## ABOUT THIS TASK
Your answer should be the full set of records, printed exactly as they stand.

## DATA FOR ANALYSIS
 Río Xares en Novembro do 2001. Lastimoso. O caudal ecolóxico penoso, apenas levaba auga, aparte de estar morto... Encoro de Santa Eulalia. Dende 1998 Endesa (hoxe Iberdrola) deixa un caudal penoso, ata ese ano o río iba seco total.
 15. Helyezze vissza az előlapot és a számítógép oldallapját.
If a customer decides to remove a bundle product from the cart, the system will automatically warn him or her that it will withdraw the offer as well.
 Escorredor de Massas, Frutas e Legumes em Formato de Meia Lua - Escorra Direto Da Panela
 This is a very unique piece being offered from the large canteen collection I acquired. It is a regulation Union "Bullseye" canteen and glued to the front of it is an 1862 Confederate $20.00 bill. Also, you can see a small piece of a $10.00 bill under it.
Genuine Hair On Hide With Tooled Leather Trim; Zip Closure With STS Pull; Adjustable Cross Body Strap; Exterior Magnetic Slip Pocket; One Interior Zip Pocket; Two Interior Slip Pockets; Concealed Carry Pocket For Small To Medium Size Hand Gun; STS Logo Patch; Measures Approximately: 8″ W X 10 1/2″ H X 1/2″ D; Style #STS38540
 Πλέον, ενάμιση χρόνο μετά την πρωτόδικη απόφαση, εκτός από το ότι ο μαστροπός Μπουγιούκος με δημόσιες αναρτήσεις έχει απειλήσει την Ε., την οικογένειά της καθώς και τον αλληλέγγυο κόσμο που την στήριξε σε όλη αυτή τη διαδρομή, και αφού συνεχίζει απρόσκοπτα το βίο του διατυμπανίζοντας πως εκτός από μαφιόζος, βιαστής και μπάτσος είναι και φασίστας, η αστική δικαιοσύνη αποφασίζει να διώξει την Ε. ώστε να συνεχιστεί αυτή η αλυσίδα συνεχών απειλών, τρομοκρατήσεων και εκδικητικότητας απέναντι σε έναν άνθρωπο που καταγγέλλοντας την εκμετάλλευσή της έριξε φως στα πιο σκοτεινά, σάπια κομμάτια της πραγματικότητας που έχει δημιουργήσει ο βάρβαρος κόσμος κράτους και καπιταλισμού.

## WRITTEN SOLUTION
 Río Xares en Novembro do 2001. Lastimoso. O caudal ecolóxico penoso, apenas levaba auga, aparte de estar morto... Encoro de Santa Eulalia. Dende 1998 Endesa (hoxe Iberdrola) deixa un caudal penoso, ata ese ano o río iba seco total.
 15. Helyezze vissza az előlapot és a számítógép oldallapját.
If a customer decides to remove a bundle product from the cart, the system will automatically warn him or her that it will withdraw the offer as well.
 Escorredor de Massas, Frutas e Legumes em Formato de Meia Lua - Escorra Direto Da Panela
 This is a very unique piece being offered from the large canteen collection I acquired. It is a regulation Union "Bullseye" canteen and glued to the front of it is an 1862 Confederate $20.00 bill. Also, you can see a small piece of a $10.00 bill under it.
Genuine Hair On Hide With Tooled Leather Trim; Zip Closure With STS Pull; Adjustable Cross Body Strap; Exterior Magnetic Slip Pocket; One Interior Zip Pocket; Two Interior Slip Pockets; Concealed Carry Pocket For Small To Medium Size Hand Gun; STS Logo Patch; Measures Approximately: 8″ W X 10 1/2″ H X 1/2″ D; Style #STS38540
 Πλέον, ενάμιση χρόνο μετά την πρωτόδικη απόφαση, εκτός από το ότι ο μαστροπός Μπουγιούκος με δημόσιες αναρτήσεις έχει απειλήσει την Ε., την οικογένειά της καθώς και τον αλληλέγγυο κόσμο που την στήριξε σε όλη αυτή τη διαδρομή, και αφού συνεχίζει απρόσκοπτα το βίο του διατυμπανίζοντας πως εκτός από μαφιόζος, βιαστής και μπάτσος είναι και φασίστας, η αστική δικαιοσύνη αποφασίζει να διώξει την Ε. ώστε να συνεχιστεί αυτή η αλυσίδα συνεχών απειλών, τρομοκρατήσεων και εκδικητικότητας απέναντι σε έναν άνθρωπο που καταγγέλλοντας την εκμετάλλευσή της έριξε φως στα πιο σκοτεινά, σάπια κομμάτια της πραγματικότητας που έχει δημιουργήσει ο βάρβαρος κόσμος κράτους και καπιταλισμού.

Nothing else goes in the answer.